5 Things That Have Helped Me Run (And Grow) My Business While Living With A Chronic Health Condition
#1 My 20 hours per week ‘rule’
There’s a whole separate blog post (coming soon) about how I came to decide that 20 was the magic number, and how I plan what work to do when, so that I get the most out of those 20 hours.
To summarise… I figured out that 20 hours was the maximum number I could work in any one week without compromising my home-life (which would make me miserable and stressed).
- Always track my working time
- Don’t work in less than 30-minute chunks, because otherwise the switching focus fries my brain
- Match the type of work to my energy levels
- Do not try to make up for a bad week, by working over the 20 hours the following week
- Feel like I’ve done enough once I’ve worked 20 hours, even if I haven’t done everything on my to-do list (because that list was probably too ambitious anyway).
#2 Sharing responsibility with my clients
I am very open about my health and home life.
My clients know that if they’re working to a tight deadline they should probably work with someone else.
And if they really want to work with me, then they’ll need to do it my way - which means using Voxer instead of Zoom, and allowing plenty of time before deadlines in case migraines or health issues slow things down for me.
#3 Opting for coaches who get it
Joining Lizzy Goddard’s Profitable Playground has been hugely helpful in getting me to this point where I acknowledge and accept how life is and build a business around that.
Previous coaches have had a very fixed idea of what success looks like and the necessary steps to get there regardless of if that was what I wanted, or if it was compatible with my life and health.
#4 Getting to know myself
Learning about when in the week I feel most energetic, when I have the best focus, how I feel about deadlines, what happens to my health during launches.
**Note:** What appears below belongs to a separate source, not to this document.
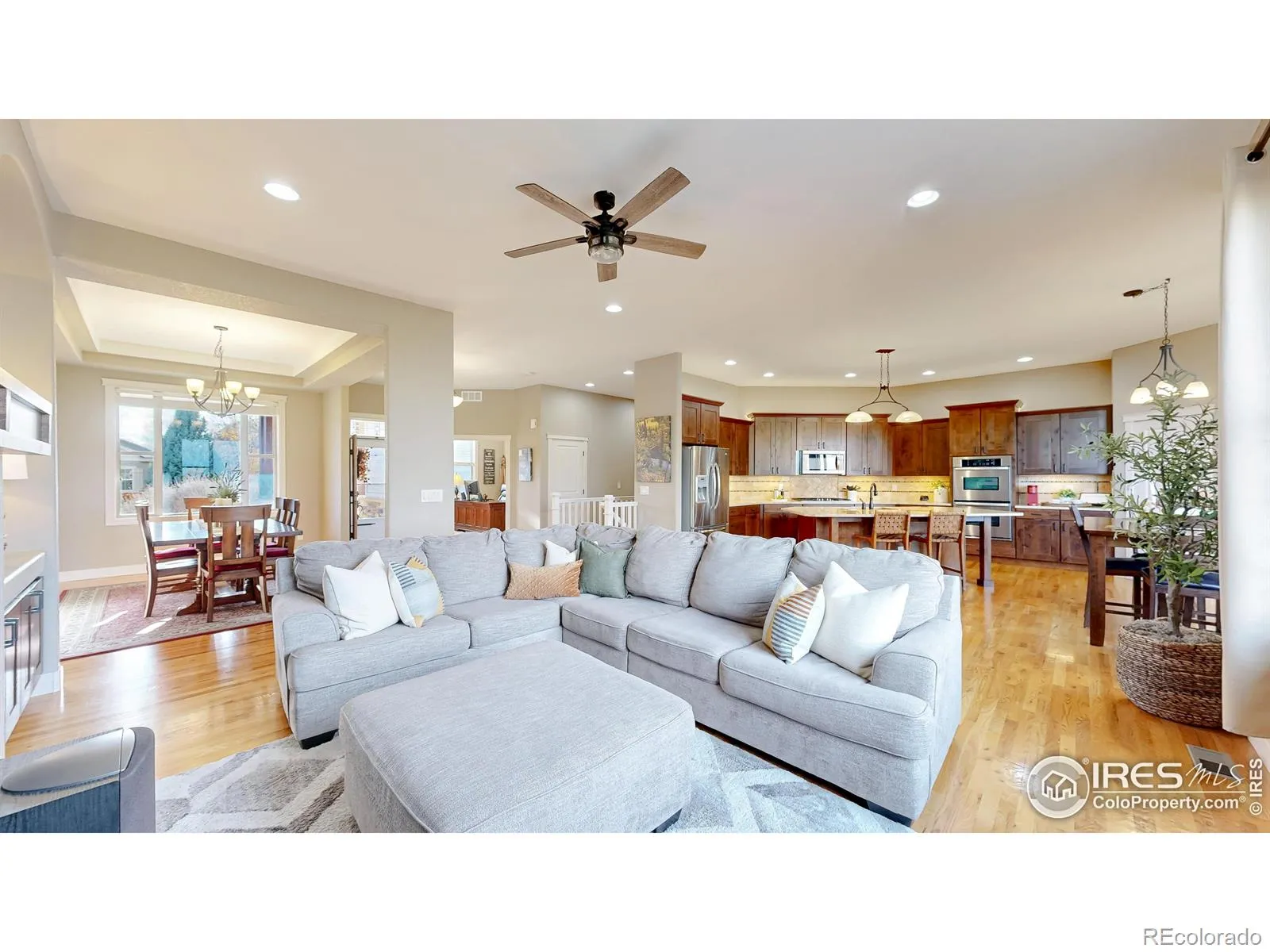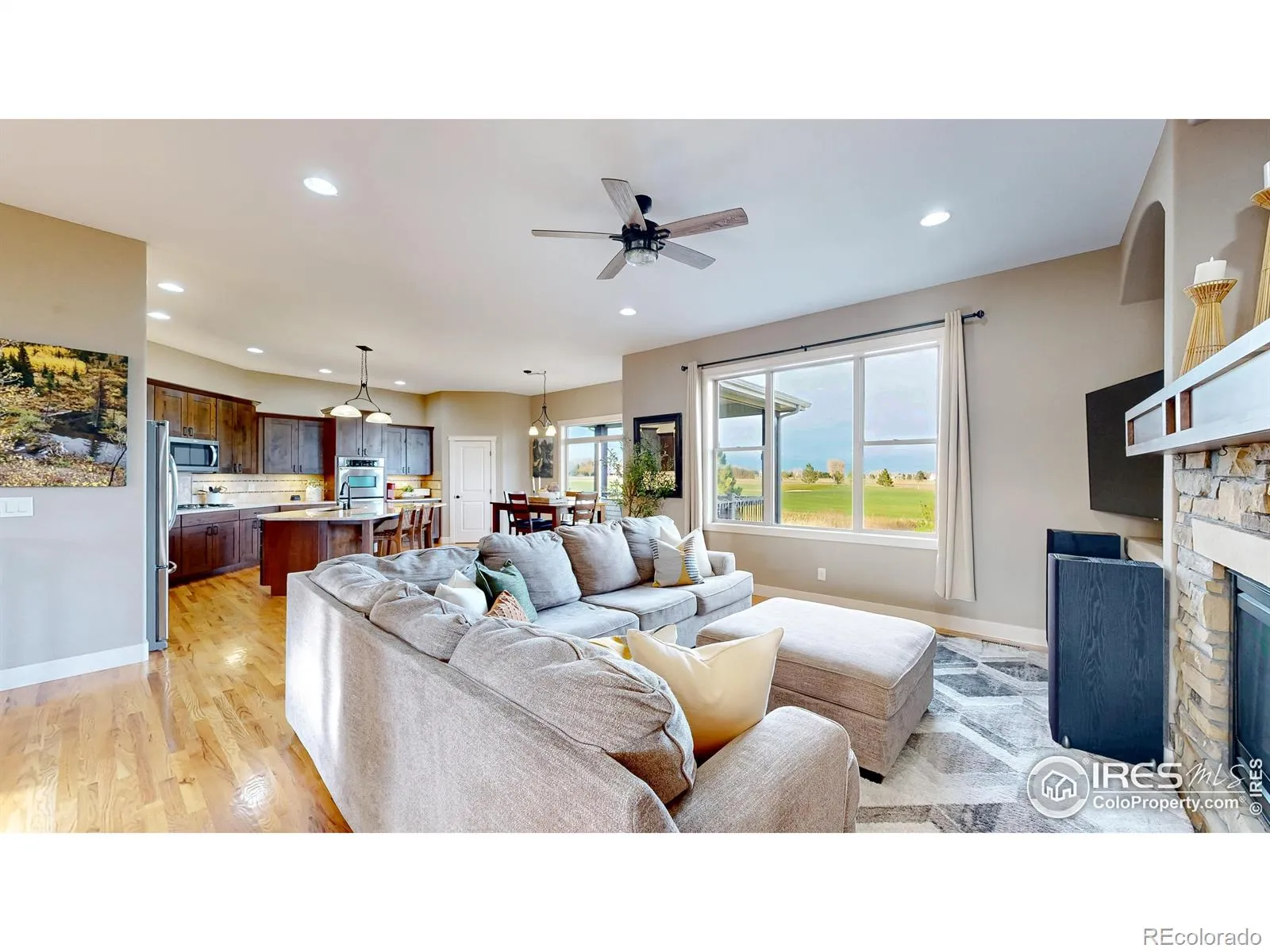 Nestled on a quiet cul de sac in coveted Highland Meadows Golf Course Community on a spacious golf course lot this 4 bedroom 3 bathroom ranch plan will not disappoint. Upon entry you’ll be welcomed into a warm and spacious home that is both elegant and livable with a well-thought-out layout that blends comfort, style and amazing VIEWS!.As you enter, the foyer flows into a generous great room area highlighted by large windows that fill the room with natural light & warm wood flooring, two tone designer paint throughout main level. A cozy gas fireplace creates a focal point in the great room, making it a natural gathering space to be enjoyed from throughout the home.The kitchen is well equipped for both everyday life and entertaining, with abundant cabinetry, stainless steel appliances, a built-in pantry, and a large center island that doubles as a breakfast bar. There is a cozy eat in kitchen space as well as formal dining room just in time for the holidays! The huge main level primary suite serves as a serene retreat with a roomy walk-in closet and a private bathroom featuring dual vanities, a soaking tub, and a stall shower with well appointed finishes.Main floor office or 3rd bedroom has double door entry and views to the front of the home.Fully finished garden level basement offers a great rec room, small wet bar and 2 additional huge bedrooms with loads of natural light. Outside, the large, landscaped backyard creates a private oasis with a large covered patio for al fresco dining while taking in the golf course views form the 5th hole, that give a sense of tranquility. With its blend of functional interior spaces, golf course lot location, top rated PSD schools and proximity to parks, pool and clubhouse makes this a home run home! Many recent updates have been made this year: carpet & pad, int/ext paint, landscaping etc. be sure to pull the upgrade list!Prime location in NOCO close to I-25 for commuting, Windsor, and Fort Collins all within minutes of the home.

I studied myself, and used that experience to help redesign my business, and I continue to do this all the time.
I am always adapting and improving how I run my business so it works around my well-being and my family.
#5 Changing what I offer
I’m not made for long Zoom calls, they leave me exhausted for the rest of the day.
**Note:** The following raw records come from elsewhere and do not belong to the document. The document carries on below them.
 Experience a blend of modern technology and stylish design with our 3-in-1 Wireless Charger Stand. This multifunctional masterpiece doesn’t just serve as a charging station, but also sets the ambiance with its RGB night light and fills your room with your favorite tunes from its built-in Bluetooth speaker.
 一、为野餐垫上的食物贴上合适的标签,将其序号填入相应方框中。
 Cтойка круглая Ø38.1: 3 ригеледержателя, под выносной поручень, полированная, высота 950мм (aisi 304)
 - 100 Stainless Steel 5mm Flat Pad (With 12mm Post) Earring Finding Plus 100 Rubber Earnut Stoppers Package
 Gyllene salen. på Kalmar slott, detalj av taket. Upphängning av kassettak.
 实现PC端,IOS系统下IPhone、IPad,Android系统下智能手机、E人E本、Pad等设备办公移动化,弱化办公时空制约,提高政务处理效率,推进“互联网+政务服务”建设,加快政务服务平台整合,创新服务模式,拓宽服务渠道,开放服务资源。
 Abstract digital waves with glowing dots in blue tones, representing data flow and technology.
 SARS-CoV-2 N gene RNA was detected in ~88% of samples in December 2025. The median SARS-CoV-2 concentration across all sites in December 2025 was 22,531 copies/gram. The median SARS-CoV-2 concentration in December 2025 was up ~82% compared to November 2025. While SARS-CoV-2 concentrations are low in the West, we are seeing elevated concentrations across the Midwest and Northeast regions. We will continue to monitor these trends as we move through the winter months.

And I can’t complete copywriting projects spaced out over long periods of time because somewhere in the middle I’ll get ill, and then when I come back to work I’ve lost all track of where I was and what I was doing.
I got to the point where I was so unwell, and so frustrated and so overwhelmed I wanted to totally quit.
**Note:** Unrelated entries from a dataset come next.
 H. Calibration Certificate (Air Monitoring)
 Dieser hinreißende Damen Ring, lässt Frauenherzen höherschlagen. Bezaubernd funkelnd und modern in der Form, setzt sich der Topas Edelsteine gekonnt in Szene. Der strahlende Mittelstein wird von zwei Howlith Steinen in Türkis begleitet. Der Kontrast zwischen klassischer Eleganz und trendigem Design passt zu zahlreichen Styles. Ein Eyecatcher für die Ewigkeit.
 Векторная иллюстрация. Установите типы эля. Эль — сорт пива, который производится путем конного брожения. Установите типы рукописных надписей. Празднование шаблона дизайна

And then I thought about all the people who wanted my help and wouldn’t be able to have it if I did give up.
I am filled with knowledge, talent and skills and many business owners would be happy to pay handsomely to access that expertise in whatever way I offered it.
Once I approached my business from this perspective, I could confidently create offers that worked for me and put them out there, with the energy of ‘if you want me, this is how you can have me, otherwise I’m not available’.
So instead of trying to make myself fit to the way I thought other people wanted to work with me, I decided to flip my perspective and put myself first.
Initially, I offered a Done in a Day copywriting service.
After a year or so of that, I switched to a more coaching/mentoring role, and offered a VIP Day of Collaboration with me.
And then people who enjoyed that day with me wanted to keep working with me, so I created my One To Another mentorship.
It also suits me to create courses and sell them because I can work on them 100% on my own schedule.
And for marketing, I prefer writing blog posts - because I can do this on my own schedule, and also because my migraines cause aphasia (problems understanding and expressing language) - but only of speech, not writing.